That title should be in all-caps. Because I am THAT excited!
My first rotation in third year med school was OBGYN. I delivered a baby before I even know how to put up an IV. And now, my first rotation of Internship is OBGYN, and this time the big milestone is delivering babies via C-section.
It is something we all have to do (the HPCSA requires that interns do at least ten, but preferably more, solo C-sections), but it still feels pretty special. I was getting a bit worried. A lot of people did sections in their first week of being a doctor and here I was, one month in an not a single section behind my name (I’m not the only one, but that’s besides the point).
It’s actually really hard to get the chance to try your hand at a C-section.
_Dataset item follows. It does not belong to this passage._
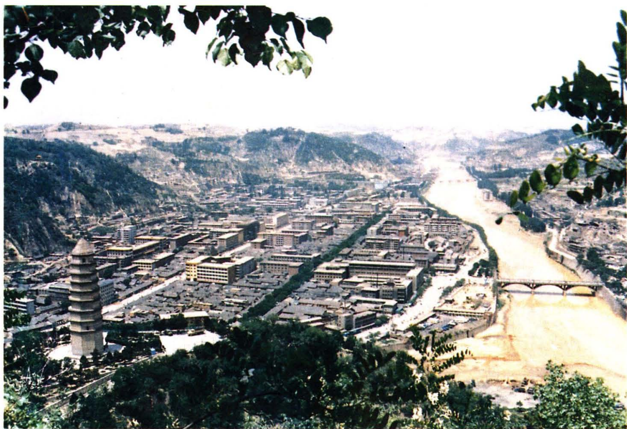
欣欣向荣的延安城市新貌

When it’s an emergency, interns can’t cut because we might take too long. When we have a long list, we can’t cut for the same reason. When the patient has had previous caesars they don’t like for us to cut if we are still inexperienced, because adhesions make it really difficult when the anatomy is obscured. And when it is the middle of the night, scrub nurses and anaesthetists just want to get things over and done with, and pressurise the doctor not to let the intern cut.
So I’ve experienced all of those things and I almost thought I was never going to be able to cut and that I would have to come back to repeat OBGYN.
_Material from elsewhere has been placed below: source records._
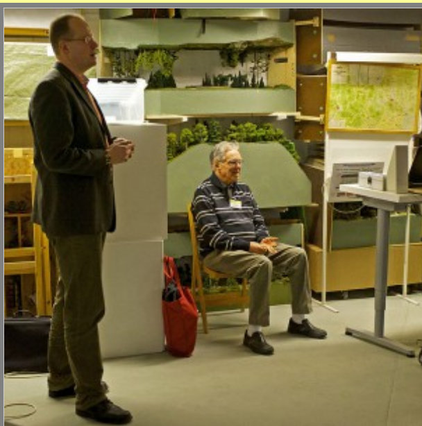
Nu börjar det på riktigt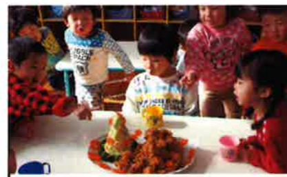
クリスマスツリーオーダブル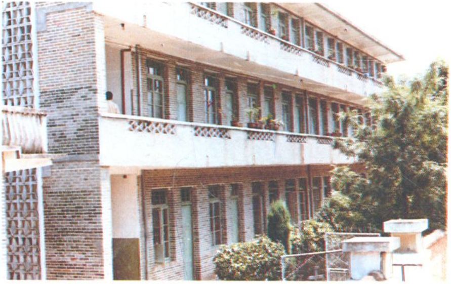
高唐中心卫生院门诊楼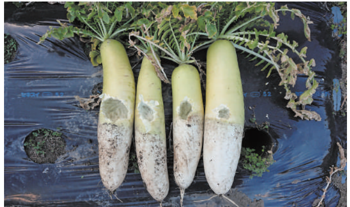
「カラスのお仕事」 上宇部地区 P.N.ぐっち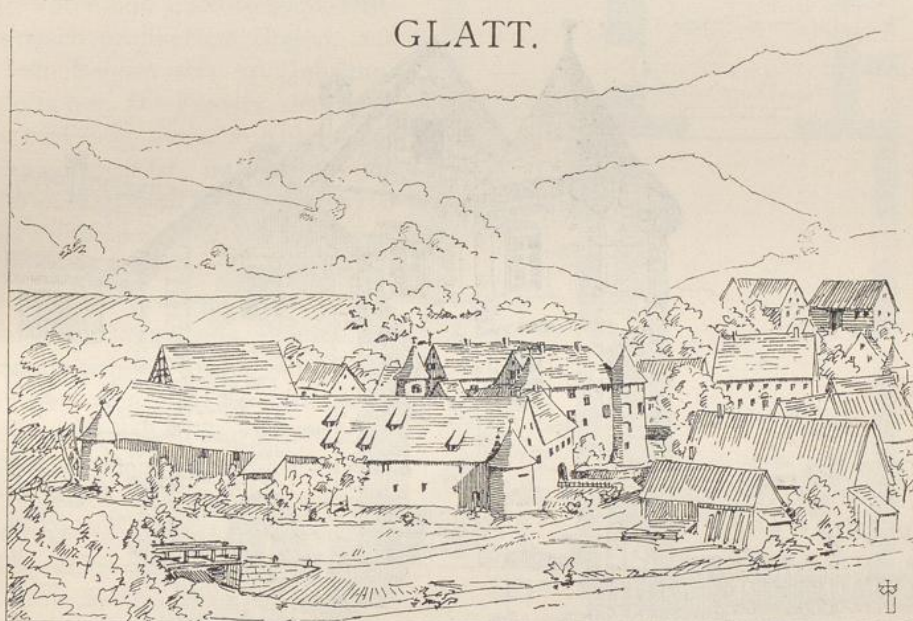
Ansicht von Glatt.

P farrdorf, 85,5 km nordwestlich von Sigmaringen und 33,4 km westlich von Hechingen, liegt in einem engen, vom Glattbach durchströmten und von hohen bewaldeten Bergen umgebenen Thale, das sich schmal von Osten nach Westen öffnet. Nach Osten zu stösst das Glattthal fast senkrecht auf das von Süden nach Norden sich ziehende Neckarthal, von dem der Ort etwa 3 km entfernt ist. Das Wort Glatt hält Buck für vordeutsch, keltisch und leitet es von clot ab, das lauter, glänzend, glatt bedeutet. Die jetzige Form ist aber auch auf glataha (glat hell, glänzend, also dieselbe Bedeutung wie im keltischen Stamm und aha Wasser), glatta , der hellschimmernde Bach, zurückzuführen. Der Ort ist sehr alt und kommt schon 767 als Glada im Besitz des Klosters Lorsch vor. Später,

BUT TODAY I CUT! I was so terrifed. The doctor that assisted/taught me is actually a friend of mine from high school, and he was SO, SO patient with me. A C/S is supposed to be really quick, like… 20 minutes. I took an hour and fifteen minutes from start to finish.So… that is not ideal. But that’s how learn, right?
We also struggled a little bit to get the baby’s head delivered, and eventually just used some gentle forceps to assist.
I was shaking like a leaf and made my first incision waaaaay too shallowly. I’ve assisted in so many sections recently but it looks very different from the other side of the table. Hand-tying knots was also remarkably more difficult with shaking, double-gloved hands. Additionally we have budget constraints, so we are technically supposed to use only two sets of stitches for closing the uterus (twice), the sheath, and the skin. I kind of forgot how to do hand-ties half-way through from being so nervous.
One scrub nurse made a few comments about my (lack of) speed, but in general the OR staff was very supportive and cheered me on. It probably helped that our elective list was only three long, and there were no emergency sections incoming.
What a cool experience. I’ve never really adored surgery but this was very nice and I’m actually looking forward to my next one. A vigorous baby girl was born, and when she cried, I nearly cried as well!